**What you should do:**
The line containing "為什麼突然會有這麼巨大的選手" marks the end; write out exactly every line from the start of the data up to and including it, without the pictures.

[[ Records for this task open ]]

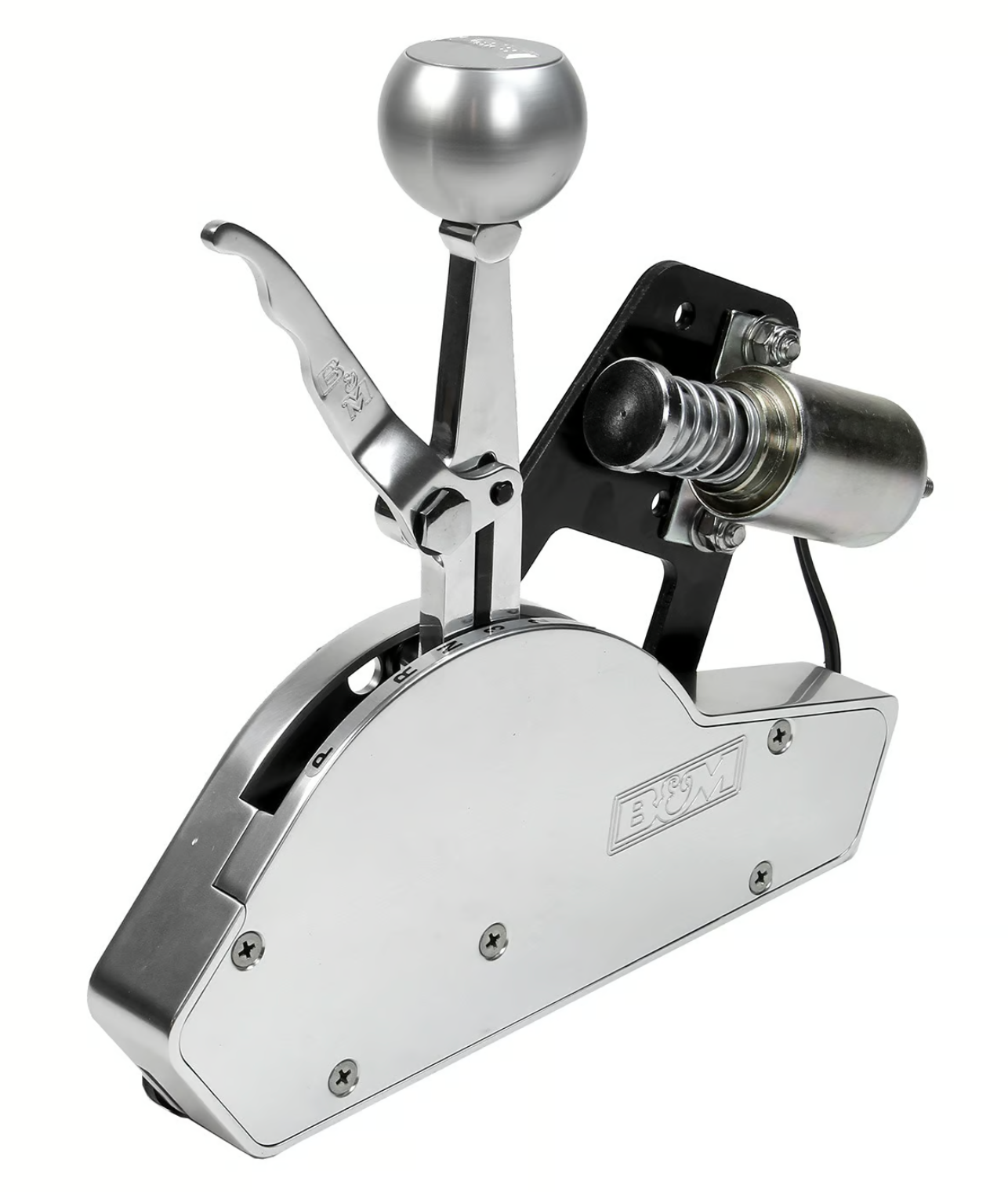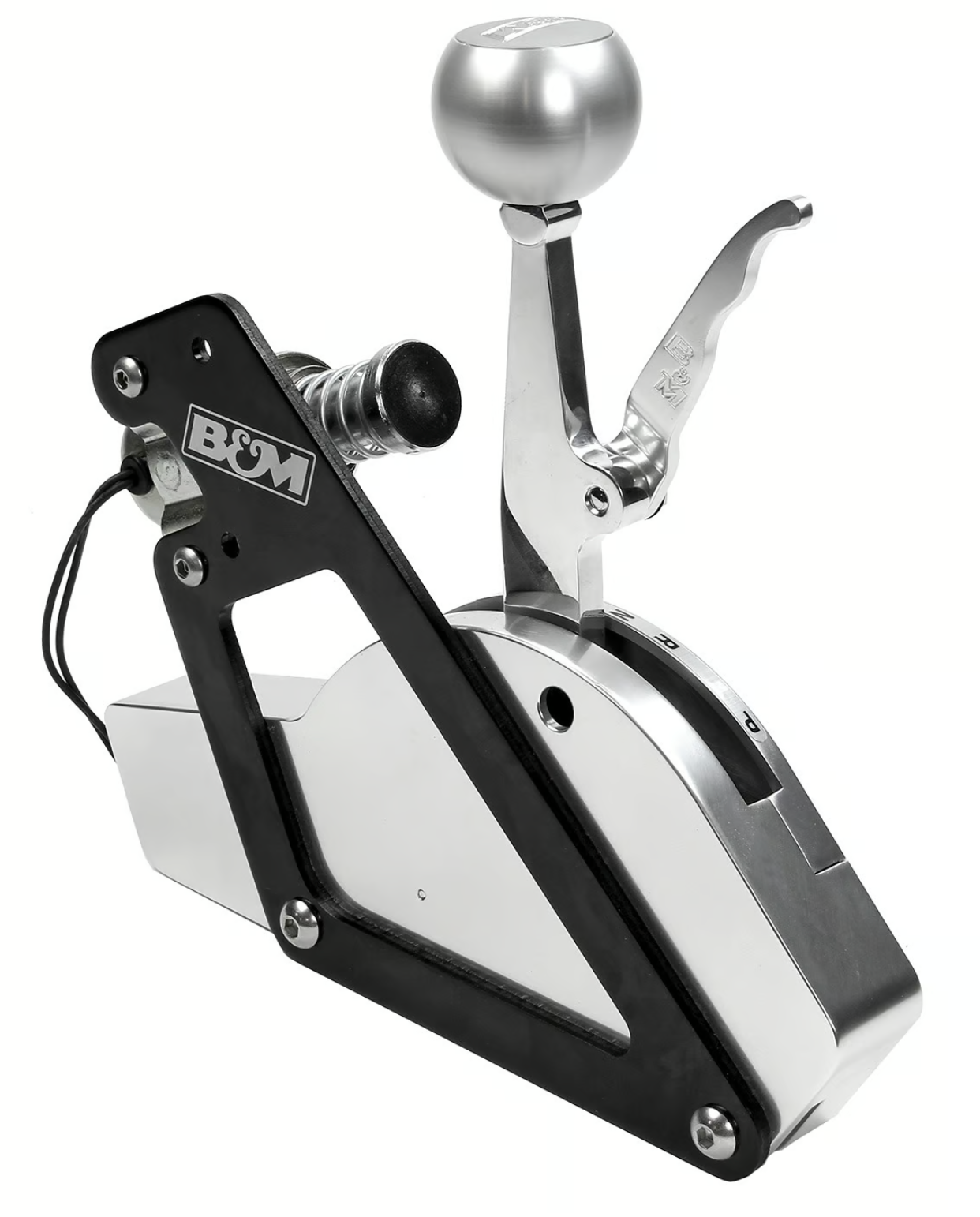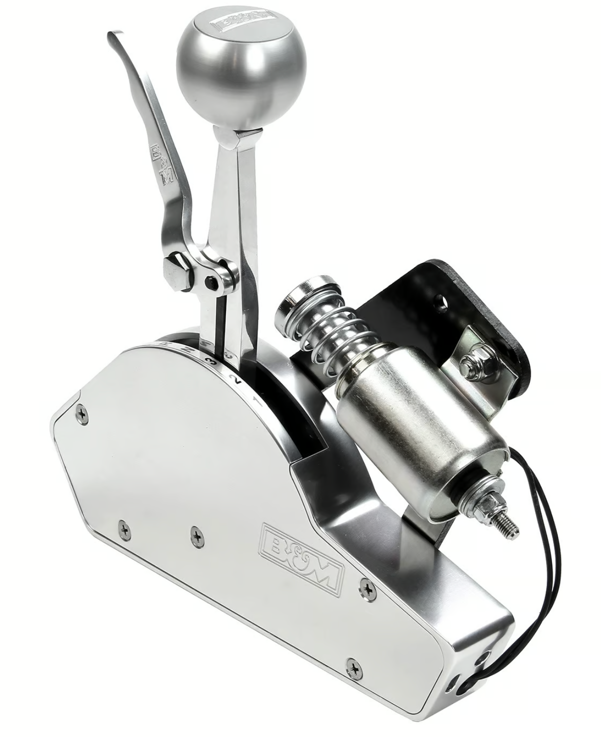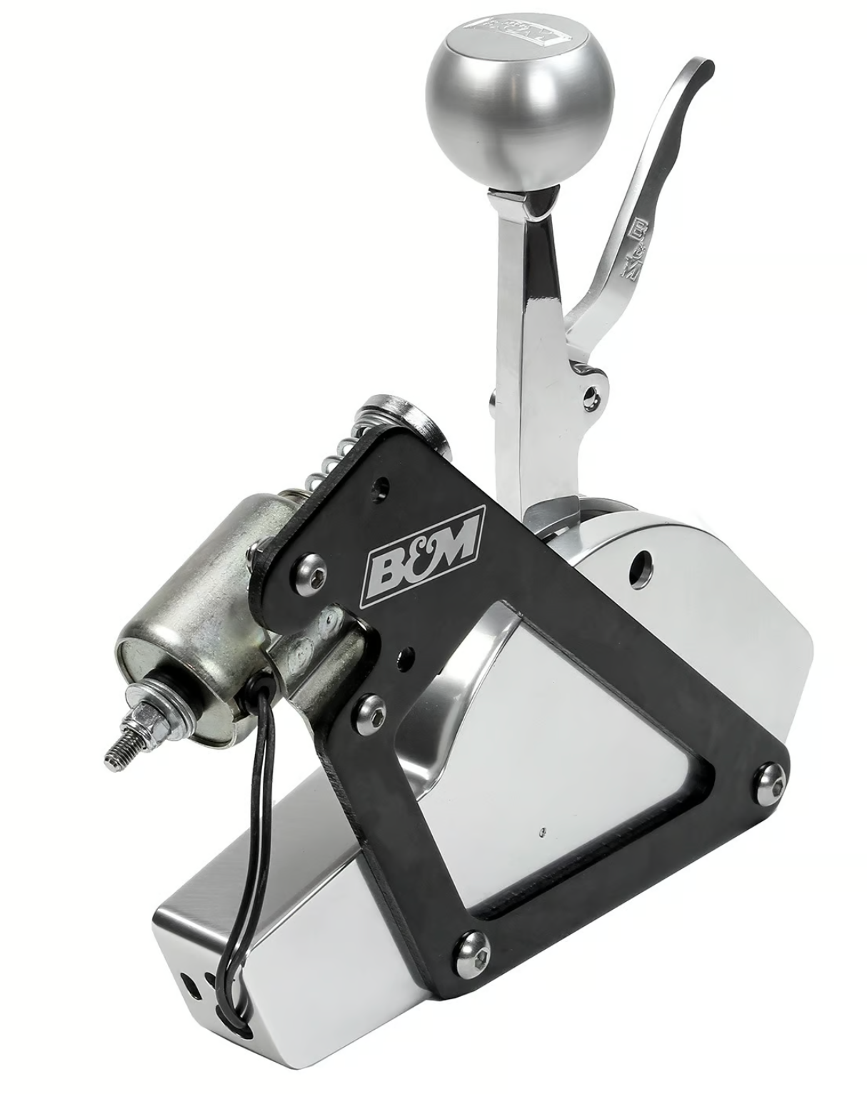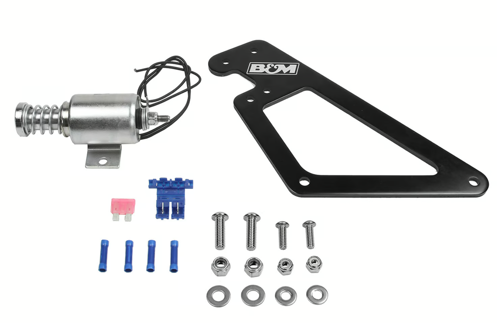 This B&M electric shift solenoid fits Pro Bandit and Street Bandit shifters. Built with 5052 aluminum brackets and heavy duty solenoids to provide positive and consistent 1-2 shifts. The brackets are mil-spec (military specification) black anodized with laser engraving for a clean, stealthy appearance and the low amperage draw will cause no charging concerns when the rounds get faster.
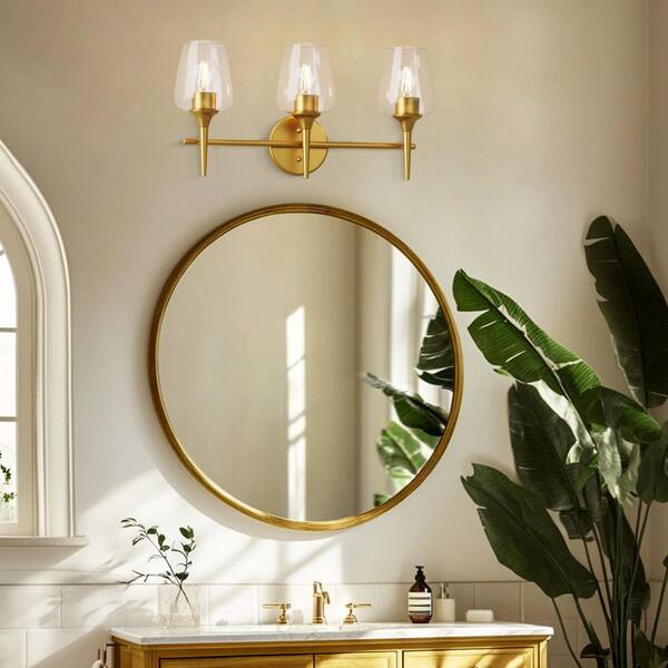 21.69 in. 3-Light Gold Vanity Light with Clear Glass for Bathroom, Hallway, Bedroom with E26 Socket
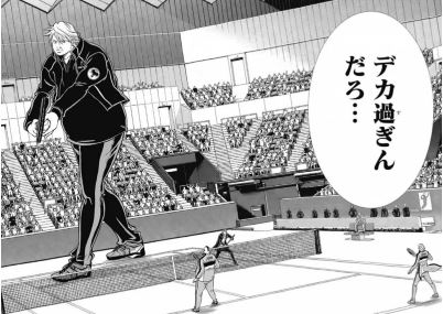 為什麼突然會有這麼巨大的選手呢?原來《新網球王子》最新一話在描述日本代表隊遭遇了德國隊,為了突顯歐洲人比亞洲人還要高大壯碩的體型,其中一名德國選手就以下面這個驚人的體型登場,令日本選手不禁感嘆:「這也太高大了吧...」
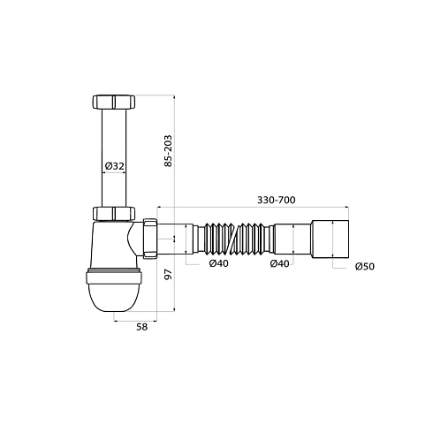 • Гофротруба длиной от 330 до 700 мм позволяет установить сифон без точной подгонки под канализационный вывод.
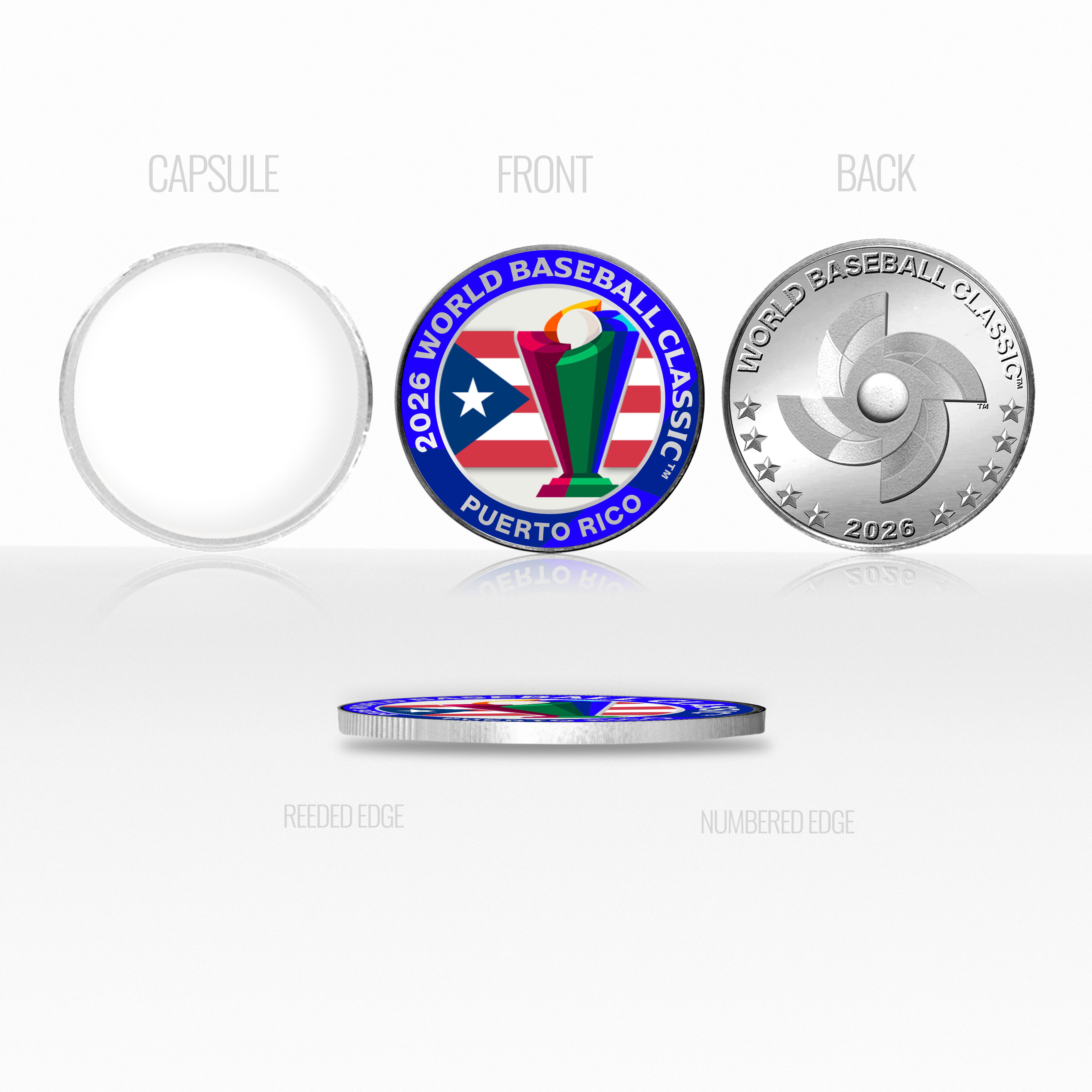 The coin features the Puerto Rican flag alongside the official World Baseball Classic emblem, symbolizing both heritage and the thrill of competing with the world’s best.
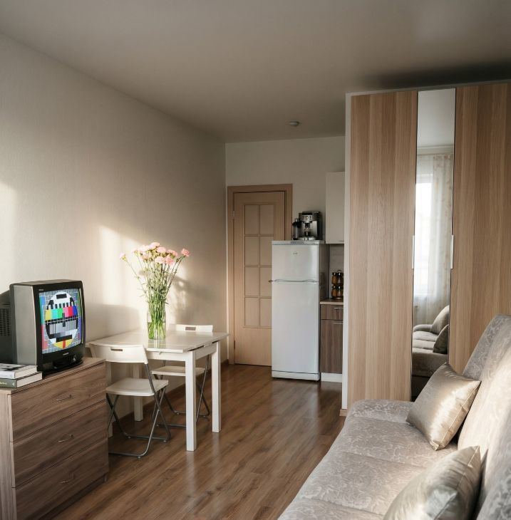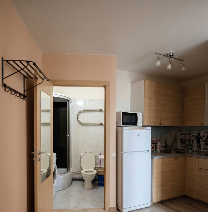 В студии есть вся необходимая мебель и техника: холодильник, телевизор и стиральная машина.Санузел совмещён, оборудован душевой кабиной. Из окон открывается вид во двор, который добавляет тишины и уюта. Интернет проведён, а это значит, вы всегда будете на связи.
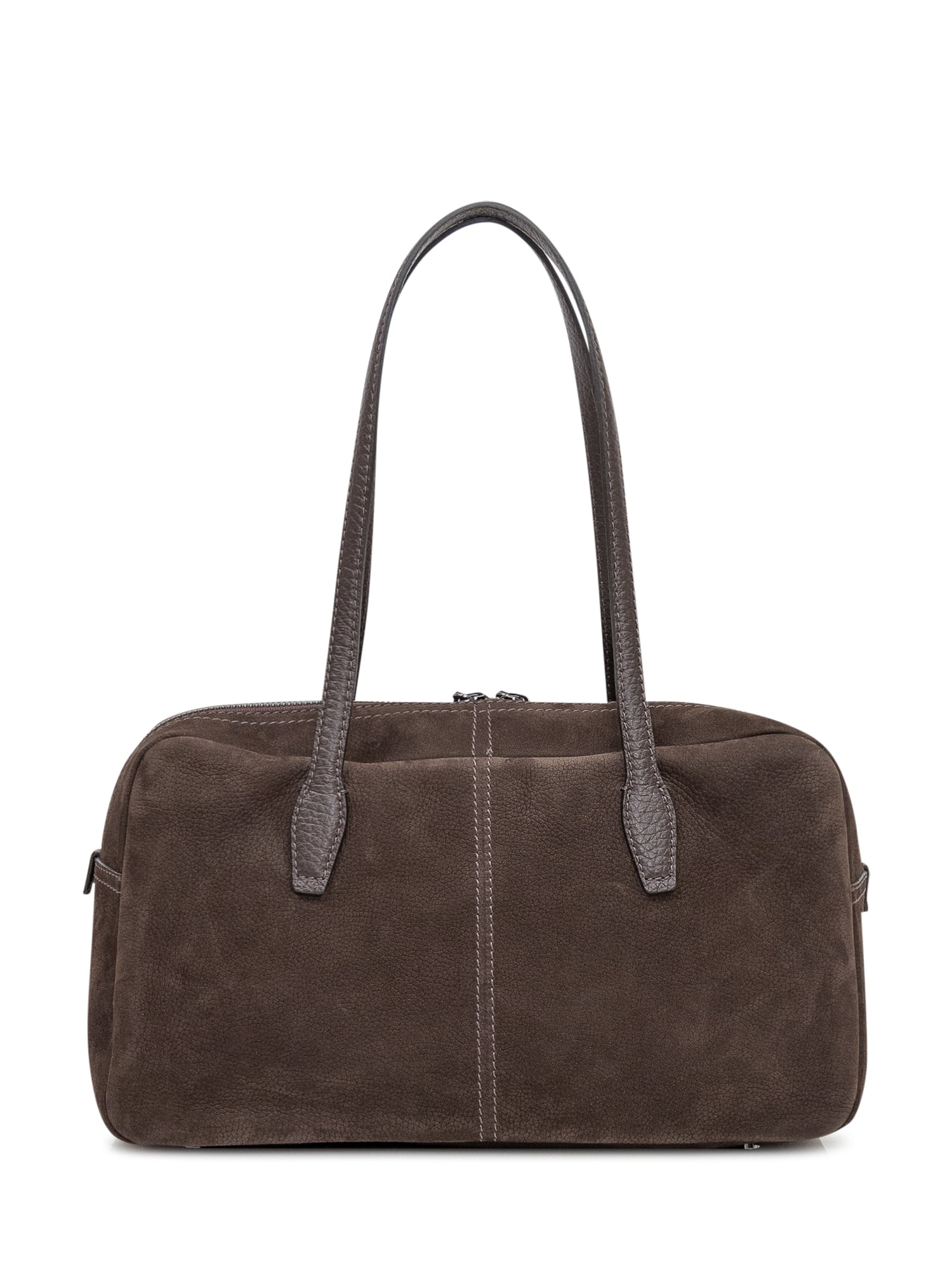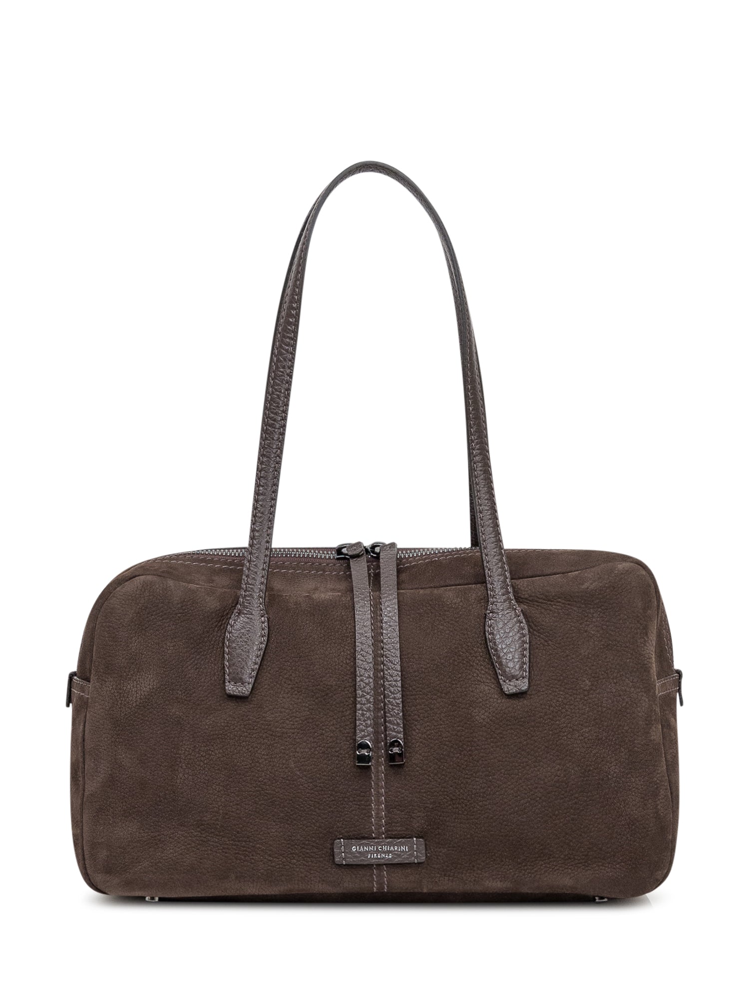 Borsa Gianni Chiarini in pelle scamosciata marrone con doppi manici e chiusura a zip.

[[ Records for this task closed ]]

**Completed exercise:**
 This B&M electric shift solenoid fits Pro Bandit and Street Bandit shifters. Built with 5052 aluminum brackets and heavy duty solenoids to provide positive and consistent 1-2 shifts. The brackets are mil-spec (military specification) black anodized with laser engraving for a clean, stealthy appearance and the low amperage draw will cause no charging concerns when the rounds get faster.
 21.69 in. 3-Light Gold Vanity Light with Clear Glass for Bathroom, Hallway, Bedroom with E26 Socket
 為什麼突然會有這麼巨大的選手呢?原來《新網球王子》最新一話在描述日本代表隊遭遇了德國隊,為了突顯歐洲人比亞洲人還要高大壯碩的體型,其中一名德國選手就以下面這個驚人的體型登場,令日本選手不禁感嘆:「這也太高大了吧...」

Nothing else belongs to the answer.